Gene Therapy Aims to Restore Hearing for Those Born Deaf
Gene Therapy for Hearing
For individuals born with certain types of congenital deafness, cochlear implants have represented a beneficial and enhancing technology. This device utilizes electronics to replace the malfunctioning biological ear, providing a useful, albeit imperfect, sense of hearing. Recent research promises another potential solution for those suffering from congenital deafness. Instead of a supportive device, gene therapy is being utilized to enable the biological ear to function as it should. The result is that patients regain their hearing, not through a prosthetic device, but through their own ears.
What is DB-OTO?
Cochlear implants are a popular treatment for many types of congenital deafness. The causes of congenital deafness vary, each having its peculiarities. In the case of hearing loss associated with the OTOF gene, it involves a genetic alteration of a critical protein. The otoferlin gene is responsible for producing the protein of the same name, which is essential for normal and functional hearing. This protein facilitates communication between the inner hair cells in the ear and the auditory nerve that transmits these signals to the brain.

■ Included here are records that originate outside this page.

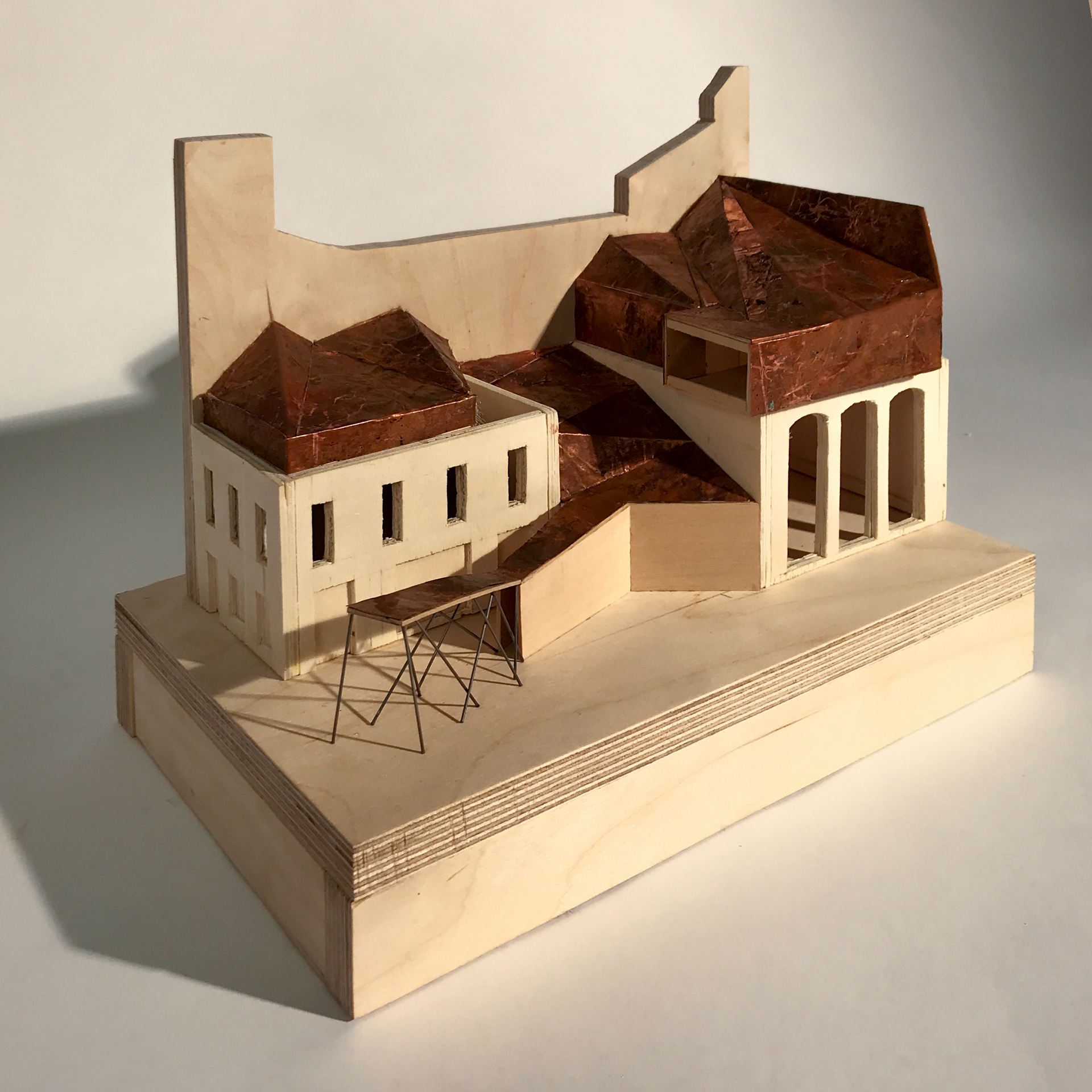 Using zinc flashing on tin panels, the facade takes advantage of galvanic corrosion to create rich patinas where water runs on the building.
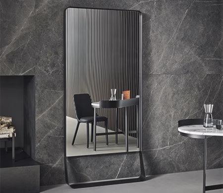 The rectangular shape and the rounded corners are the mai characteristics of the Narciso mirrors, available in two different sizes. The profile, a metal frame available in different finishes, is transformed in the bottom section, widening towards the support base, thus creating an empty space between the mirror and the base resting on the floor. The frame can be chose in anthracite grey and black metal or in bronze, pearl gold, platinum and lead plus metal finishes.
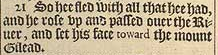 21 So hee fled with all that hee had, and he rose vp and passed ouer the Riuer, and set his face toward the mount Gilead.

Patients with a condition known as autosomal recessive deafness 9 possess a non-functional variant of the otoferlin gene, preventing normal production of this protein. Without the appropriate protein, the auditory nerve does not receive correct signals from the hair cells, resulting in profound deafness. The traditional treatment for this type of congenital hearing loss is the use of a cochlear implant, an electronic device that captures sound and transforms it into electrical signals. However, the quality and fidelity of perception are strictly limited compared to a fully functional human ear.
Promising Results
The DB-OTO gene therapy was initially tested on mice, showing it could improve auditory response by creating the protein necessary for nerve conduction between hair cells and the auditory nerve. The treatment involves delivering the DB-OTO gene therapy to one or both ears through a surgical procedure similar to cochlear implantation. An initial study provided DB-OTO treatment to twelve patients, aged between ten months and sixteen years. Eleven of these patients developed improved hearing within weeks of treatment. Nine patients achieved sufficient improvement to no longer require cochlear implants, resulting in viable natural hearing. Positive outcomes were persistent, with signs of speech development observed in three patients involved in the study.
The company behind this research, Regeneron, is eager to apply these findings to other types of genetically caused hearing loss. While DB-OTO remains an experimental treatment for now, approvals necessary for its future use are currently in progress.